Думаю, вы согласитесь, сударь, что первейший долг отца по отношению к дочери – обеспечить ей счастье. Если ему этого не удалось – он в долгу перед ней, если он в этом преуспел – его не в чем упрекнуть. Я не соблазнял и не принуждал Эжени: это исключительно важное замечание, не упускайте его из виду. Я не утаивал от нее общественных нравов, рисовал розы супружества и сопутствующие ему шипы. Лишь после этого предложил себя. Я оставил Эжени свободу выбора. У нее было достаточно времени на размышление. Она ни минуты не колебалась, заверяя, что будет счастлива только со мной; так виновен ли я, если для ее же счастья дал ей то, что она вполне сознательно предпочла всему остальному?

– Эти софизмы ничего не оправдывают, сударь, вы не должны были даже позволять вашей дочери рассматривать в качестве человека, способного принести ей счастье, того, кого она не могла предпочесть, не совершив преступления: каким бы аппетитным ни был на вид плод, разве не в чем каяться тому, кто предлагает кому-нибудь его отведать, будучи твердо уверенным, что в мякоти его заключена смерть? Нет, сударь, не оправдывайтесь, в этом злосчастном предложении вы не выдвинули иного претендента, кроме себя, сделав дочь вашу и соучастницей и жертвой. Такие приемы непростительны... А в чем вы видите проступки чувствительной и преданной супруги вашей, чье сердце вы разбиваете с таким злорадством? Несправедливый вы человек... Какой за ней проступок, кроме того, что она по-прежнему боготворит вас?

– Вот именно по этому поводу я и рассчитываю на ваше доверие, сударь, у меня есть некоторое право надеяться на это после откровенного признания в том, что мне вменяется в вину!

И тут Франваль, демонстрируя Клервилю подложные письма и фальшивые векселя, приписываемые им своей жене, уверяет того в подлинности документов, свидетельствующих о любовной интриге госпожи де Франваль.

Клервиль знает обо всем.

– Видите, сударь, – уверенно заявил он Франвалю, – выходит, я был прав, говоря, что один грех, представляющийся поначалу самодостаточным, приучая выходить за рамки, может привести к последним крайностям преступления и злонравия. Вы начали с несущественного в ваших глазах поступка, а теперь, желая оправдать или скрыть его, на какие только низости вы не идете!.. И хотите, чтоб я в это поверил? Бросим в огонь эти клеветнические бумажки, забудем о них, заклинаю вас, и никогда не будем вспоминать!

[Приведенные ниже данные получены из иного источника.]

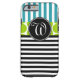 GIRLY TURQUOISE GREEN BLACK STRIPES MONOGRAM Case-Mate iPhone CASE

– Эти бумаги подлинны, сударь.

– Они поддельны.

– Вы можете лишь сомневаться: достаточный ли это повод для опровержения моих доказательств?

– Извольте, сударь. Предполагая их истинными, я основываюсь лишь на ваших утверждениях. Вы же крайне заинтересованы отстаивать свои обвинения. Удостоверяя ложность данных документов, я располагаю признаниями вашей супруги, которая тоже крайне заинтересована была бы сообщить мне об их подлинности, в случае если они были бы таковыми. Вот на основании чего я делаю вывод, сударь. Интерес – проводник всех человеческих поступков, великий двигатель всякой деятельности. Где я его обнаруживаю – там для меня тут же загорается светоч истины; это правило ни разу не обмануло меня, и вот уже сорок лет я ему следую. К тому же разве добродетель вашей жены не уничтожит в глазах света эту грязную клевету? Неужели при ее искренности, чистосердечии и по-прежнему пылкой любви к вам позволяют себе столь чудовищные измышления? Нет, нет, сударь, это не первая робкая поступь преступления: вы знаете в нем толк и умеете дергать за ниточки.

– Да вы начинаете браниться, сударь!

– Простите: несправедливость, клевета и распутство так переворачивают мою душу, что порой я не в силах совладать с волнением, в которое повергают меня подобные бесчинства. Сожжем эти бумаги, сударь, еще раз настоятельно прошу вас, сделаем это, ради спасения вашей чести и вашего покоя!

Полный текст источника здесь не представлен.